Patients and Methods

Men managed with AS at University of California, San Francisco, were classified as low- or intermediate-risk based on serum prostate-specific antigen (PSA), Gleason grade, extent of biopsy involvement, and T stage. Clinical and demographic characteristics, and progression in terms of Gleason score, PSA kinetics, and active treatment were compared between men with low- and intermediate-risk tumors.

Results

Compared to men with low-risk tumors, those with intermediate-risk tumors were older (mean, 64.9 v 62.3 years) with higher mean PSA values (10.9 v 5.1 ng/mL), and more tumor involvement (mean, 20.4% v 15.3% positive biopsy cores; all P < .01). Within 4 years of the first positive biopsy, the clinical risk group did not differ in terms of the proportions experiencing progression-free survival, (low [54%] v intermediate [61%]; log-rank P = .22) or the proportions who underwent active treatment (low [30%] v intermediate [35%]; log-rank P = .88). Among men undergoing surgery, none were node positive and none had biochemical recurrence within 3 years.

Conclusion

Selected men with intermediate-risk features be appropriate candidates for AS, and are not necessarily more likely to progress. AS for these men may provide an opportunity to further reduce overtreatment of disease that is unlikely to progress to advanced cancer.

INTRODUCTION

While prostate cancer remains a leading cause of cancer mortality among American men,1 management is challenging given the variable and often indolent natural history of the disease. As screening with prostate-specific antigen (PSA) has become increasingly commonplace, more cases of early-stage, low-risk prostate cancer have been identified.2 Many low-risk cancers may represent clinically insignificant lesions that if not detected would remain indolent and never progress to symptomatic or lethal disease.3 A substantial majority of men with low-risk disease in fact die of other causes, even under a conservative management strategy.4

Therefore, in light of growing concerns regarding overdiagnosis and subsequent overtreatment of low-risk disease,2 a major goal of recent research efforts has been to identify patients who would benefit from active surveillance (AS) with selective delayed intervention rather than immediate active treatment.5,6 Several groups of investigators have evaluated the appropriateness of AS in patients with established low-risk disease and demonstrated favorable outcomes with intermediate-term follow-up.7,8

However, some men with higher risk disease characteristics may also elect AS, and series reported to date have not determined whether expanding criteria for surveillance to include such men could be viable or safe. At our institution, a large cohort of men is managed with AS. Most patients meet strict criteria for low-risk disease but some have intermediate-risk features (based on Gleason score and/or a multivariable risk prediction score9,10)—these are men who elect AS despite counseling that they may face a greater likelihood of disease progression.7 We sought to determine the extent to which low- and intermediate-risk men differ in terms of risk factors for progression, and whether the rate of cancer progression is in fact higher among the men at intermediate risk.

PATIENTS AND METHODS

As of June 2010, 640 men at University of California, San Francisco (UCSF), have been followed on AS, defined as no active treatment within 6 months after first positive biopsy. Of these, 540 men consented to participate in the prospectively accrued Urologic Oncology Database under supervision of the UCSF institutional review board. Patients were followed on AS with digital rectal examination and PSA measurements at approximately 3-month intervals, transrectal ultrasonography every 6 to 12 months, and follow-up biopsies every 12 to 24 months.7 Staging and grading were based on at least a sextant biopsy (median, 12 cores; interquartile range, 10 to 16) in all patients. Biopsies performed outside UCSF were routinely reviewed by UCSF pathologists.

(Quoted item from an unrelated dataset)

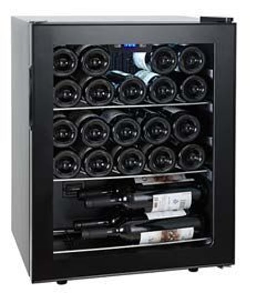 Корпус шкафа внешне выполнен из окрашенного метала, внутри из пластика. Объем 60л рассчитан для хранения до 23 бутылок при диапазоне температур - от +5 до +20 °С, решетчатые полки 2+1, внутреняя LED - подсветка. Стеклянная дверь предоставляет выкладку напитка и тем самым позволит определить место расположение нужной бутылки, не открывая дверцу.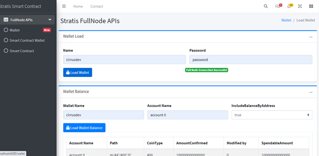 Endpoint: /api/Wallet/load: Wallet Load is to make sure the private chain is running smoothly and your app is connected with the chain.

The UCSF Cancer of the Prostate Risk Assessment (CAPRA) score was calculated based on clinical features at diagnosis: PSA, biopsy Gleason score, age, clinical T stage, and percent of biopsy cores positive.9,10 Validated CAPRA risk groups are 0 to 2 (low), 3 to 5 (intermediate), and 6 to 10 (high).10 Patients in this study were classified as low risk if they had a Gleason sum 2 to 6 and CAPRA score 0 to 2. A CAPRA score of 2 could represent, for example, Gleason 3+3 disease in multiple cores or with PSA in the 6 to 10 ng/mL range. Men considered to have intermediate risk had a Gleason sum 7 or CAPRA score of 3 to 5. Tumors with CAPRA scores in this range may be higher-volume Gleason 3+4 tumors, and/or associated with higher PSAs. Both criteria were applied because a man with low-volume Gleason 3+4 disease and a low PSA level may be considered low risk by CAPRA score, but would frequently be excluded from surveillance cohorts; conversely, a man with low-grade disease but with, for example, a PSA of 9 ng/mL and 40% of cores involved, would meet criteria for inclusion in some surveillance cohorts,5 but would have a higher risk of progression by most multivariable assessments including CAPRA.11 Those with a CAPRA score 6 to 10, Gleason sum 8 to 10, and/or cT3 disease were excluded.

Of the 540 potential participants, 85% had all component data to compute a CAPRA score. The remaining men were missing percentage of positive cores, which was replaced using multiple imputation. All patients were required to have a minimum follow-up of 1 year—unless they underwent active treatment at or after 6 months—and at least one follow-up biopsy or PSA value 6 to 18 months after diagnosis, yielding a sample size of 466. For each participant, the time between the first and last PSA for calculation of kinetics was at least 18 months. We compared the demographic and disease characteristics at diagnosis of low versus intermediate-risk AS patients using χ2 and t-tests, as appropriate.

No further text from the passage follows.